**SUPPLIED RECORDS**
•••••
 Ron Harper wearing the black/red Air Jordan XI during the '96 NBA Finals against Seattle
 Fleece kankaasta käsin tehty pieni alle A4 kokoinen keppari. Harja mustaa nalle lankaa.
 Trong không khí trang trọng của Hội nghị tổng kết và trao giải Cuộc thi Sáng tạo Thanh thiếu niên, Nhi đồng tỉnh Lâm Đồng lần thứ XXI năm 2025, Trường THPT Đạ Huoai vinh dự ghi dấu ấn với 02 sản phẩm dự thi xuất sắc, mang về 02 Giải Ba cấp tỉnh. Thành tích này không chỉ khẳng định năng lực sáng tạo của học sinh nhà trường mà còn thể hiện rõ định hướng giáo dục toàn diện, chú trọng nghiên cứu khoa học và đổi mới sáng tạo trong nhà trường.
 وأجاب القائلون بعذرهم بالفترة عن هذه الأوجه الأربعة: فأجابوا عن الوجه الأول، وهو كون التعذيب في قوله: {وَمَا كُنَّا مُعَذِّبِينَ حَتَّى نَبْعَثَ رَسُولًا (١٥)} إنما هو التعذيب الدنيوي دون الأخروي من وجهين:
•••••
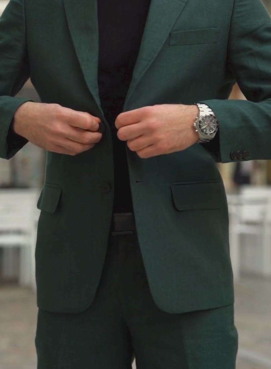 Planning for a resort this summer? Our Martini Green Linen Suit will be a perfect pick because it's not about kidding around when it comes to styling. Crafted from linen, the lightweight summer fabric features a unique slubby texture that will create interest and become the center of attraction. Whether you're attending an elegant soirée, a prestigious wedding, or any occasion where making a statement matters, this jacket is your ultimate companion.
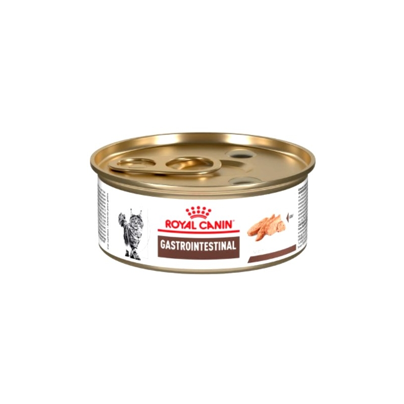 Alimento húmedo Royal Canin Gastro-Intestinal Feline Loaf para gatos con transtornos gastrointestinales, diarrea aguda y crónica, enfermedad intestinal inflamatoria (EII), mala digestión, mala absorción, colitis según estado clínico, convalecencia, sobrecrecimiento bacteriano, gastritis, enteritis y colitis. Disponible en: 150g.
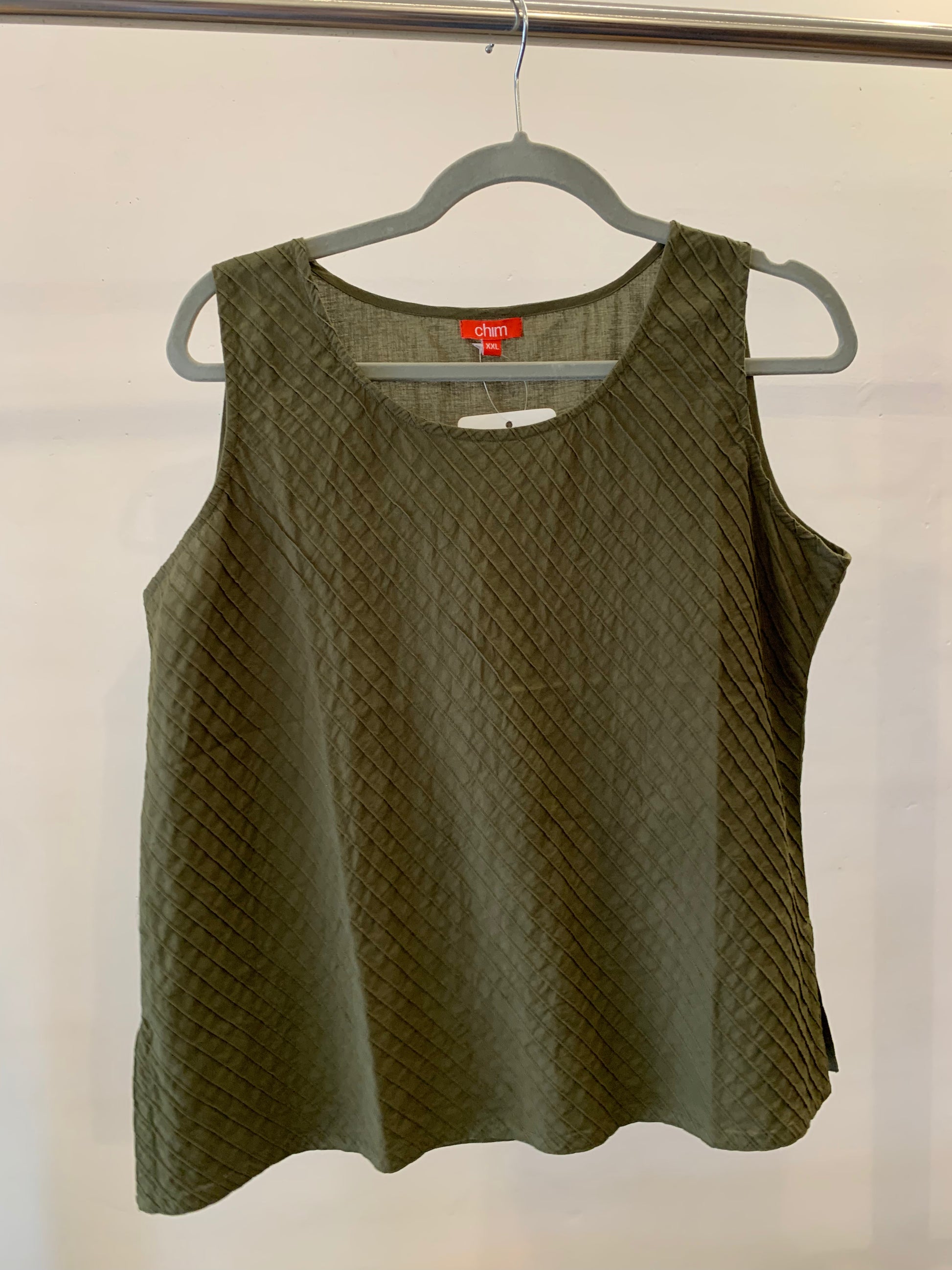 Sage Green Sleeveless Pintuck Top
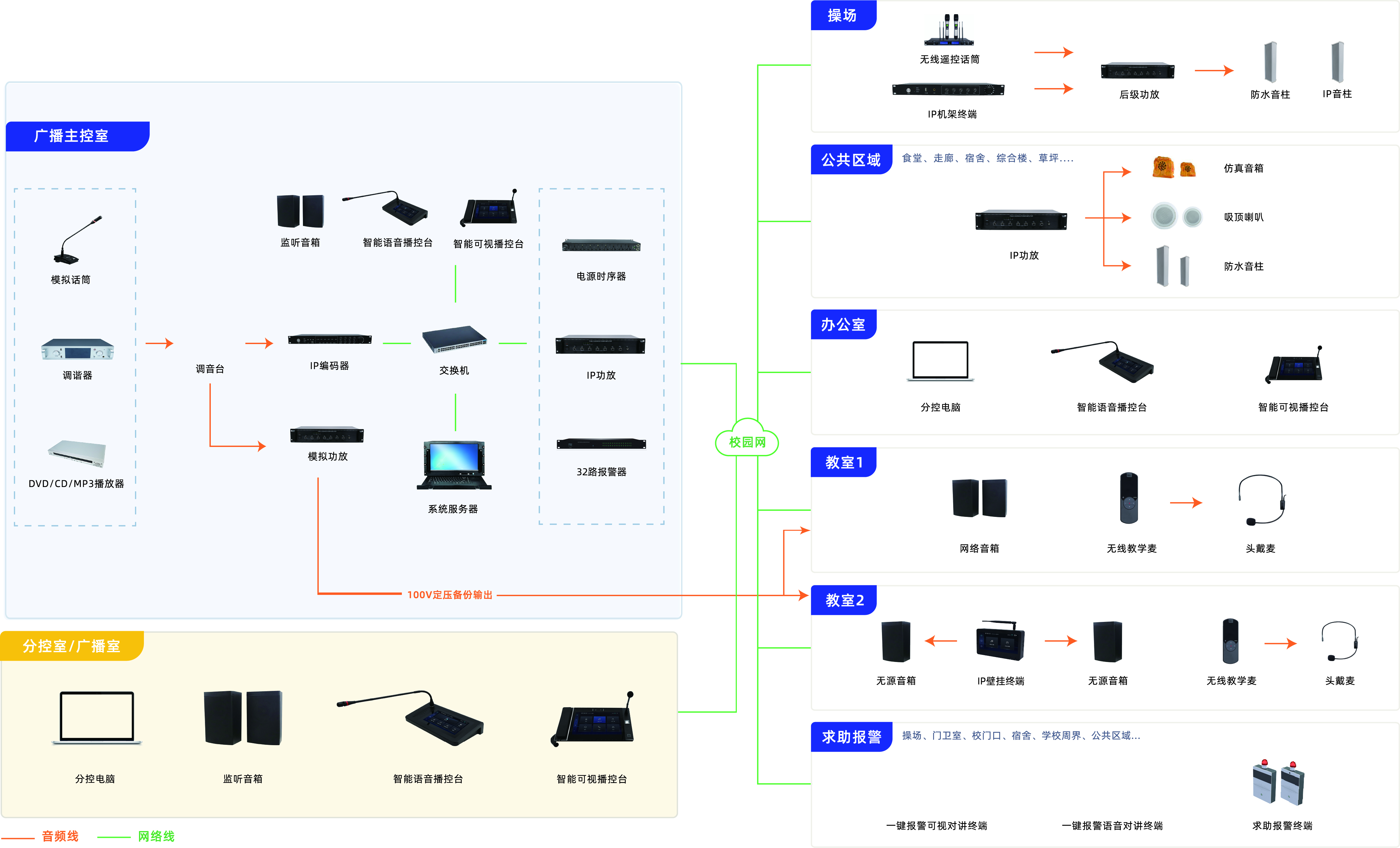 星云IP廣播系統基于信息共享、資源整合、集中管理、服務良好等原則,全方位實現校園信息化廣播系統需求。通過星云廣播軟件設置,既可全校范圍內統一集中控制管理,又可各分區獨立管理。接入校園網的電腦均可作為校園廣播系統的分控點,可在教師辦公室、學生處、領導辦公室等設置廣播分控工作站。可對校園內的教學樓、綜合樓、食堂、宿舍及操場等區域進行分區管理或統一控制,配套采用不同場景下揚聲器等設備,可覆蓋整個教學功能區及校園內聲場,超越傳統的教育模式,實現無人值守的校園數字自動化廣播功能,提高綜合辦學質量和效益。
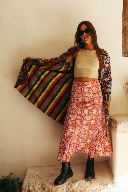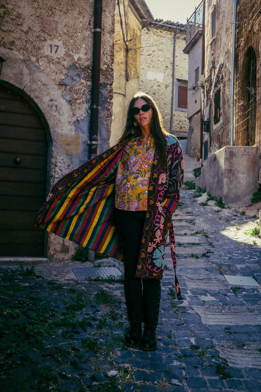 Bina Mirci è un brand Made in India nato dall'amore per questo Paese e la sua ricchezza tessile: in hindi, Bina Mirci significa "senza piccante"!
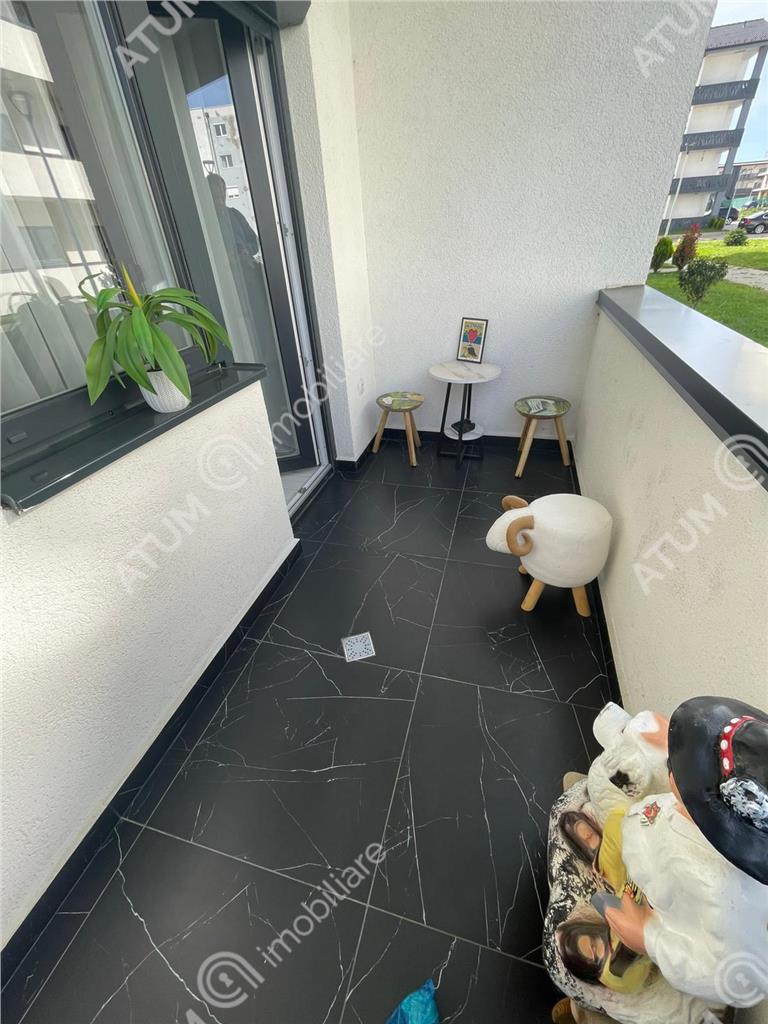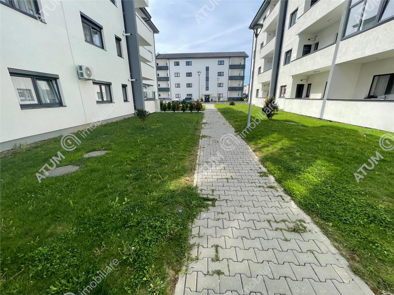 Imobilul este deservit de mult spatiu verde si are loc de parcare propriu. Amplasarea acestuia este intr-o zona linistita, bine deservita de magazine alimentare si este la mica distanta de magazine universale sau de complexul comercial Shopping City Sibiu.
•••••
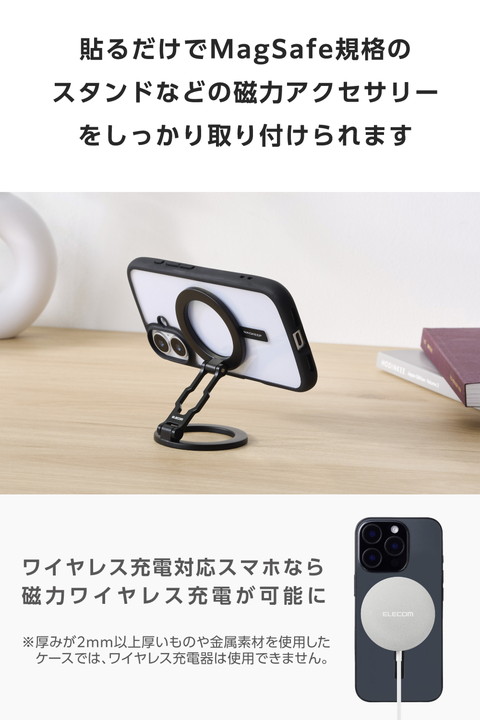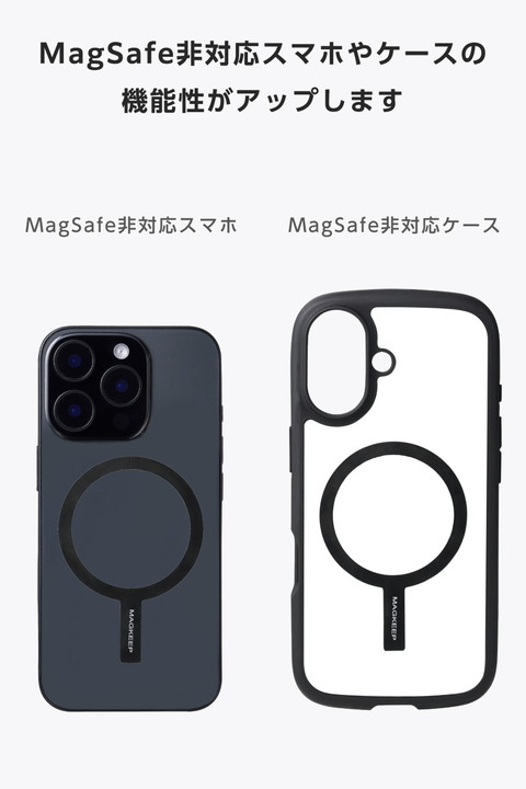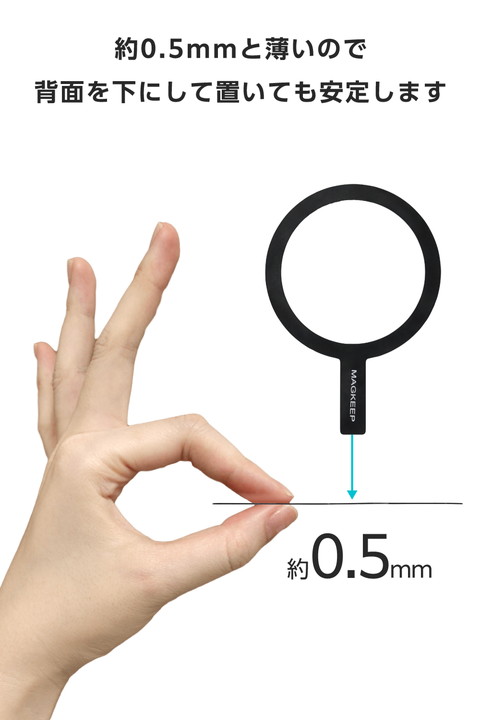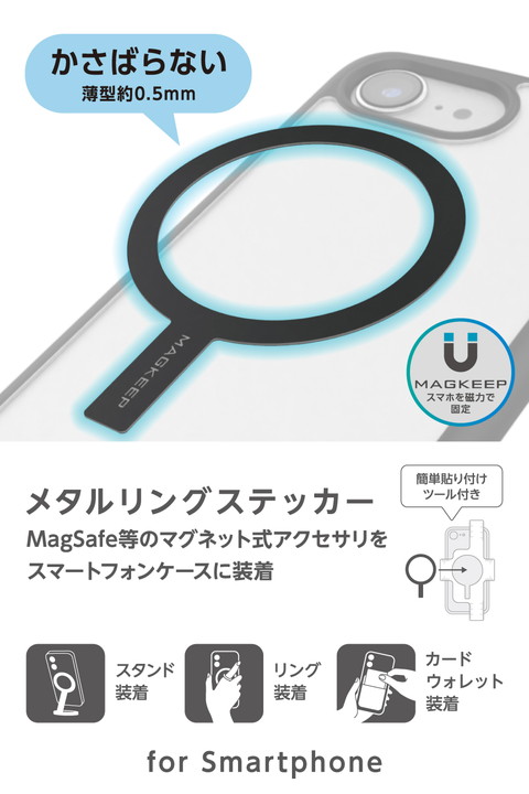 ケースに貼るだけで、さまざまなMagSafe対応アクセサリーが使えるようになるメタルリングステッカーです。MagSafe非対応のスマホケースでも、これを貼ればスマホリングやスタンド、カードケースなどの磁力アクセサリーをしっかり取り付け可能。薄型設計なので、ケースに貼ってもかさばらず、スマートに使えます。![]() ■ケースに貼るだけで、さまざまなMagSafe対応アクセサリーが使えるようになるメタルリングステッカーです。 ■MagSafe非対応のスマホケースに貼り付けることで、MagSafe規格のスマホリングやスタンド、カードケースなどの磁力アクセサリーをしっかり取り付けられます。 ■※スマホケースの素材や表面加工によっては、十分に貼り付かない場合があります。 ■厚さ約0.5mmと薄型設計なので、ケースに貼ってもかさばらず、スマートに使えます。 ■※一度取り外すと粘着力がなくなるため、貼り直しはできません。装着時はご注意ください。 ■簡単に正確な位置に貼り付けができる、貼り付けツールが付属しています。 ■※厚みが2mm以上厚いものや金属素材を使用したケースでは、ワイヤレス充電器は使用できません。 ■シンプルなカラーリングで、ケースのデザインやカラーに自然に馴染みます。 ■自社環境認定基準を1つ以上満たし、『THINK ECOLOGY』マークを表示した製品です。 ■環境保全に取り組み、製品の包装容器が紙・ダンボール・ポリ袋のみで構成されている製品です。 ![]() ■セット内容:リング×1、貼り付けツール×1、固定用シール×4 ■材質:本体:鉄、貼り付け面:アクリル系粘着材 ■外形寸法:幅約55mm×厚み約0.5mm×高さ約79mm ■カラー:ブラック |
•••••
Only one part of the listing is wanted: the lines from the one containing "Sage Green Sleeveless Pintuck Top" through the one containing "Imobilul este deservit", both included. Please transcribe it exactly, leaving out the pictures.

 Sage Green Sleeveless Pintuck Top
 星云IP廣播系統基于信息共享、資源整合、集中管理、服務良好等原則,全方位實現校園信息化廣播系統需求。通過星云廣播軟件設置,既可全校范圍內統一集中控制管理,又可各分區獨立管理。接入校園網的電腦均可作為校園廣播系統的分控點,可在教師辦公室、學生處、領導辦公室等設置廣播分控工作站。可對校園內的教學樓、綜合樓、食堂、宿舍及操場等區域進行分區管理或統一控制,配套采用不同場景下揚聲器等設備,可覆蓋整個教學功能區及校園內聲場,超越傳統的教育模式,實現無人值守的校園數字自動化廣播功能,提高綜合辦學質量和效益。
 Bina Mirci è un brand Made in India nato dall'amore per questo Paese e la sua ricchezza tessile: in hindi, Bina Mirci significa "senza piccante"!
 Imobilul este deservit de mult spatiu verde si are loc de parcare propriu. Amplasarea acestuia este intr-o zona linistita, bine deservita de magazine alimentare si este la mica distanta de magazine universale sau de complexul comercial Shopping City Sibiu.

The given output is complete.